■ Instructions to follow: Restate word for word the lines between the start of the material and the line with "Szafka nocna MILEY", keeping both of those ends and none of the pictures.

■ Extracted entries:
════════

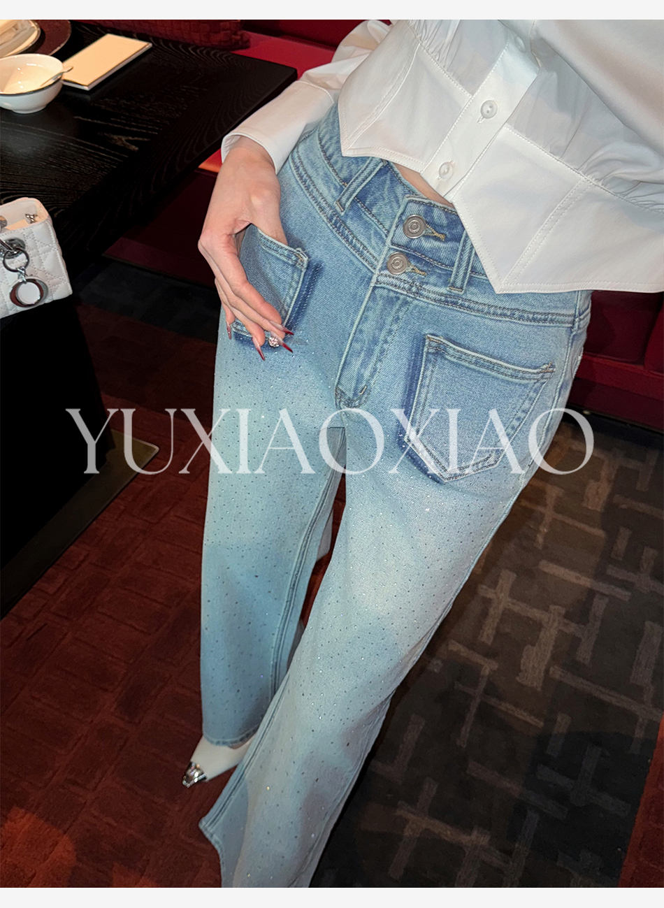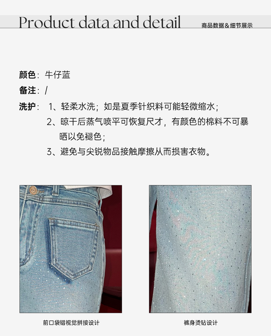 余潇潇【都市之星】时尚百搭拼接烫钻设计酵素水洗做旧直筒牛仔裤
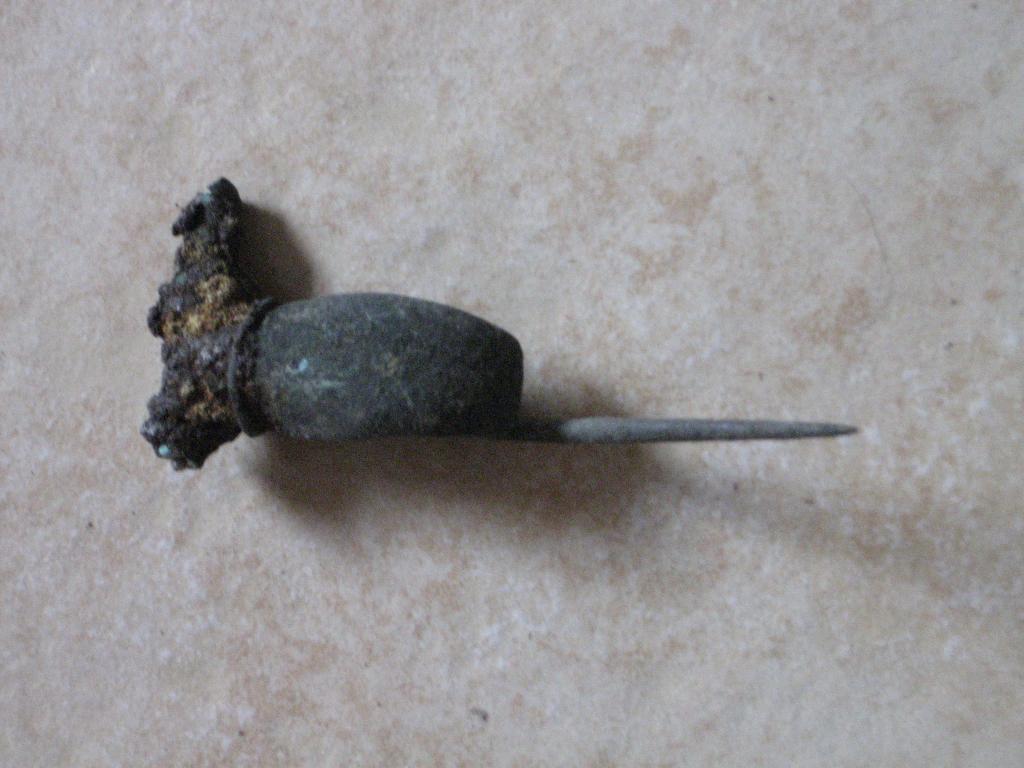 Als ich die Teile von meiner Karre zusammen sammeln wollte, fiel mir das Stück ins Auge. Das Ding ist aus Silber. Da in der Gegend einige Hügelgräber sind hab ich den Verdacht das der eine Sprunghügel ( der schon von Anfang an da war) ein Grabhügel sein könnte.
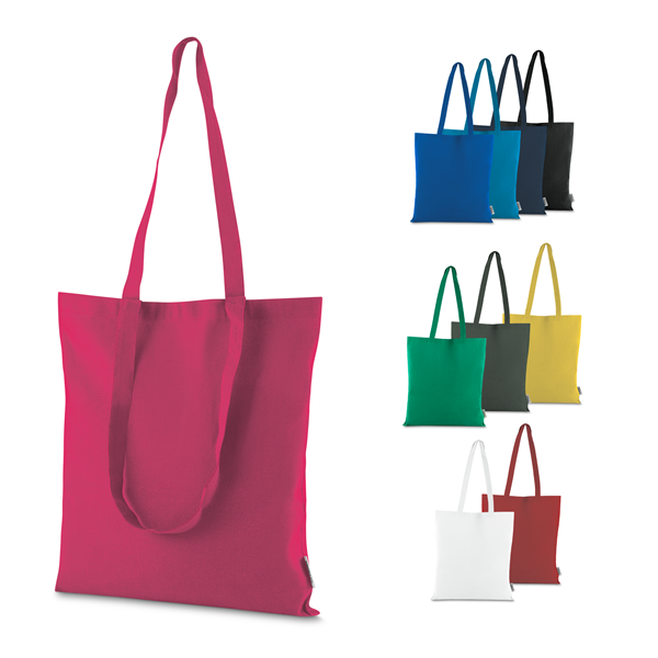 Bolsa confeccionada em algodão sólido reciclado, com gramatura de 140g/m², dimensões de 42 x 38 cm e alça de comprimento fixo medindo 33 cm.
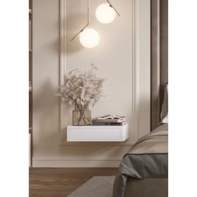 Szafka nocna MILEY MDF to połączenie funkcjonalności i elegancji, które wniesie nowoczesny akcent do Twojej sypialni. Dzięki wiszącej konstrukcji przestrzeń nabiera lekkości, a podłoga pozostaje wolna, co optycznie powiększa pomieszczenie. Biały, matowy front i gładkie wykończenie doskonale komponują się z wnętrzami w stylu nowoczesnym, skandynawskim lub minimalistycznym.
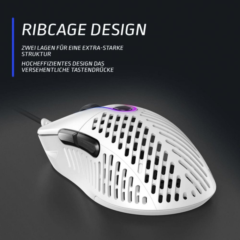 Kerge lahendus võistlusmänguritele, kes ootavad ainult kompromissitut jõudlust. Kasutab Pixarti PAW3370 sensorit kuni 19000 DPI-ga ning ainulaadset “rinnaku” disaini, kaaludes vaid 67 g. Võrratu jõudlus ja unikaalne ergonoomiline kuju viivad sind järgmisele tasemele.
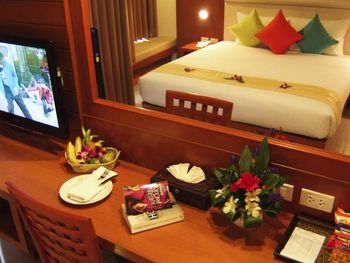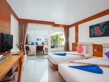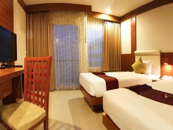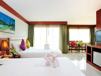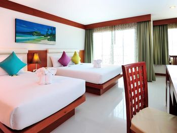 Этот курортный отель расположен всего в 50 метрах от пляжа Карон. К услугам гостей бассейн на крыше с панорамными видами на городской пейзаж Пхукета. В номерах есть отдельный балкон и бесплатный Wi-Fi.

════════

■ Solution to the problem:
 余潇潇【都市之星】时尚百搭拼接烫钻设计酵素水洗做旧直筒牛仔裤
 Als ich die Teile von meiner Karre zusammen sammeln wollte, fiel mir das Stück ins Auge. Das Ding ist aus Silber. Da in der Gegend einige Hügelgräber sind hab ich den Verdacht das der eine Sprunghügel ( der schon von Anfang an da war) ein Grabhügel sein könnte.
 Bolsa confeccionada em algodão sólido reciclado, com gramatura de 140g/m², dimensões de 42 x 38 cm e alça de comprimento fixo medindo 33 cm.
 Szafka nocna MILEY MDF to połączenie funkcjonalności i elegancji, które wniesie nowoczesny akcent do Twojej sypialni. Dzięki wiszącej konstrukcji przestrzeń nabiera lekkości, a podłoga pozostaje wolna, co optycznie powiększa pomieszczenie. Biały, matowy front i gładkie wykończenie doskonale komponują się z wnętrzami w stylu nowoczesnym, skandynawskim lub minimalistycznym.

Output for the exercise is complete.